START Given records

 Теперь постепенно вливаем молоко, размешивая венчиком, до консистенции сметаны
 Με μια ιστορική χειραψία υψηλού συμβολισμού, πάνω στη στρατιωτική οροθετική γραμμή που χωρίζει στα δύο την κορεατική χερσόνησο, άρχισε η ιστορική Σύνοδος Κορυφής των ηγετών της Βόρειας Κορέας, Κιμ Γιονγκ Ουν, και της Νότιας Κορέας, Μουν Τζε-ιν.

END Given records
START Given records

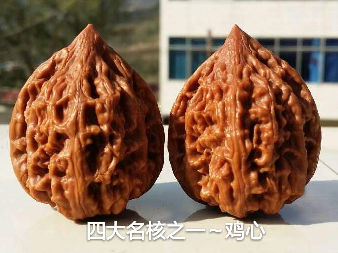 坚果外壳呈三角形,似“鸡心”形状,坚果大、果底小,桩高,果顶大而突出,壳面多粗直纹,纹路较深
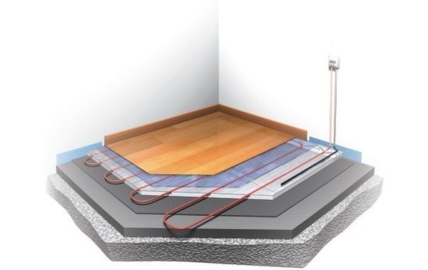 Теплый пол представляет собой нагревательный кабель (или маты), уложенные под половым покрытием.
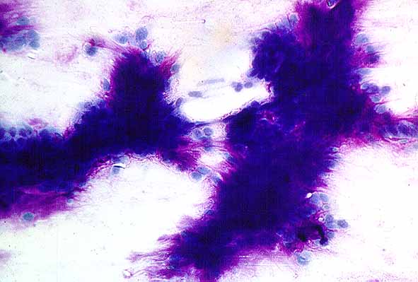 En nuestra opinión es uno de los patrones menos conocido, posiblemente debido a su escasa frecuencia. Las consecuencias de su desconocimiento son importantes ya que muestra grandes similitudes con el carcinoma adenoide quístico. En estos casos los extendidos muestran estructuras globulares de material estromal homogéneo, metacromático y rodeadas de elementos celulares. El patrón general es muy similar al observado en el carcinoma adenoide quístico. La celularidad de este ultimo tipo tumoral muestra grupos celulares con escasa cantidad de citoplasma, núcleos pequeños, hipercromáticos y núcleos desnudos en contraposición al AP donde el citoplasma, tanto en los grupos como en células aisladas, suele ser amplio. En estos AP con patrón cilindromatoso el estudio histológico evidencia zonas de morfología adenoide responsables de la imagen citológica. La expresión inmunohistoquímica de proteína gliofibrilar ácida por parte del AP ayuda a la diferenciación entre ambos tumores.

END Given records
START Given records

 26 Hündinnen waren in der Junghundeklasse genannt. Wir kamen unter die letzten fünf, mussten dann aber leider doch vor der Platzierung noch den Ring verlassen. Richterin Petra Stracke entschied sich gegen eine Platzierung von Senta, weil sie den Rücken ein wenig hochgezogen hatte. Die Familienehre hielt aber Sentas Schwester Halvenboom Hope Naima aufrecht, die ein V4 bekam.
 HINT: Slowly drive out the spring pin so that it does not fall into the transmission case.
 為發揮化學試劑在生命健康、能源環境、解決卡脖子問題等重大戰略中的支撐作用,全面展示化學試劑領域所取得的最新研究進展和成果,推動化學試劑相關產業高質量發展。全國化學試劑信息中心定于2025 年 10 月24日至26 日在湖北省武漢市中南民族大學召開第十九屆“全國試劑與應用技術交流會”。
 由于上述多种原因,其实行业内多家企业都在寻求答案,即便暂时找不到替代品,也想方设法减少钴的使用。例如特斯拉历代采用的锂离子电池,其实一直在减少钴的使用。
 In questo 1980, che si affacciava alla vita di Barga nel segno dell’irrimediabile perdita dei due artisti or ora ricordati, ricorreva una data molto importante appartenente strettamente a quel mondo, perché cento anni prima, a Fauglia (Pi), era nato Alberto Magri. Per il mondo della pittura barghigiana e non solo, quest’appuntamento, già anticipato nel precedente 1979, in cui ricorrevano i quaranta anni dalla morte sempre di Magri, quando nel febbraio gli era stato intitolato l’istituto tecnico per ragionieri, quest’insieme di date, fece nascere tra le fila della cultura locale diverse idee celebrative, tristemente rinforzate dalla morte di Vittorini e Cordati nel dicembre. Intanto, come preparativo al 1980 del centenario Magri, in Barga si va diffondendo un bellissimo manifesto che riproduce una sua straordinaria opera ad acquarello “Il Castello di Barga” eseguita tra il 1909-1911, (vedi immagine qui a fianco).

END Given records

Please transcribe exactly the lines above from the line that has "Теперь постепенно вливаем" up to and including the line that has "Με μια ιστορική"; no other line belongs in the answer.

 Теперь постепенно вливаем молоко, размешивая венчиком, до консистенции сметаны
 Με μια ιστορική χειραψία υψηλού συμβολισμού, πάνω στη στρατιωτική οροθετική γραμμή που χωρίζει στα δύο την κορεατική χερσόνησο, άρχισε η ιστορική Σύνοδος Κορυφής των ηγετών της Βόρειας Κορέας, Κιμ Γιονγκ Ουν, και της Νότιας Κορέας, Μουν Τζε-ιν.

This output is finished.